My only disagreement with the well-reasoned analysis of my colleagues here concerns the majority’s disposition with regard to the retainage issue. In my view, the conflicting evidence in the record sufficiently raises a genuine and material issue of fact; i.e., whether the defendant, Howard Savings Bank (hereinafter the Bank) improperly disbursed retainage for the payment of change orders, a use that is not authorized under the filed building loan agreement.

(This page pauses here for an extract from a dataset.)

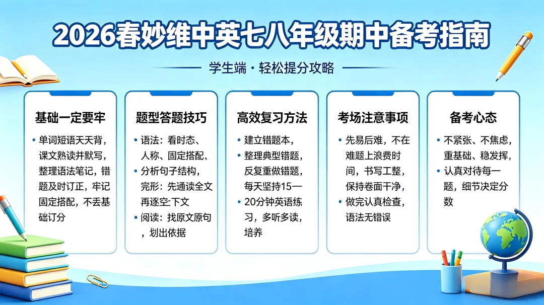 下面给大家整理了各科期中复习重点思路,家长可以转给孩子对照复习:初中英语
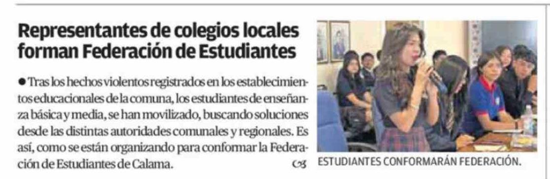 Representantes de colegios locales forman Federación de Estudiantes 05-04-2026 El Mercurio de Calama |

The Bank’s position on this key factual issue is not at all clear. Indeed, during oral argument of the various applications before the Supreme Court, counsel for the Bank virtually conceded that there was a question as to whether retain-age had been released early. Additionally, the appellant’s attorneys requested permission to conduct further discovery, prior to a final disposition of the motions, contending that this was necessary to properly rebut the Bank’s position, and support its own retainage claims. Although certain of the *479documents which purportedly support the appellant’s position have little probative value standing alone, specific individuals allegedly involved in the pertinent transactions and employed by the Bank have been identified in the motion papers. These individuals seemingly have personal knowledge of key facts, or have access to reliable information on the retainage issue, and Howell should be given the opportunity to examine them under oath.
I further disagree with the Supreme Court’s conclusion that the Bank was, in any event, entitled to release the retainage under the terms of the building loan agreement. The court’s conclusion was based on the Bank’s contractual right to enter into the premises upon the developer’s default, and to use any unadvanced funds to complete the project. Although the developer allegedly had been in default and the Bank arguably could have taken over possession and control of the project, it never exercised this remedy. Instead, the Bank allowed the developer to remain in possession and allegedly entered into a secret agreement modifying the building loan agreement by allowing funds earmarked as retainage, and designed to secure payment for materials and labor already provided by the appellant, to be used to fund change orders. If this alleged agreement in fact occurred, and resulted in a substantial reduction of funds which the appellant and other mechanic’s lienors reasonably expected would be available upon the completion of the project, I believe a supplemental filing was mandated under Lien Law § 22 (see, Security Natl. Bank v Village Mall, 85 Misc 2d 771, 787). Under the circumstances, I believe the appellant has asserted a viable claim that its lien is superior to the Bank’s and it should be given the opportunity to uncover facts in support of its position which are in the exclusive knowledge of the Bank and the developer.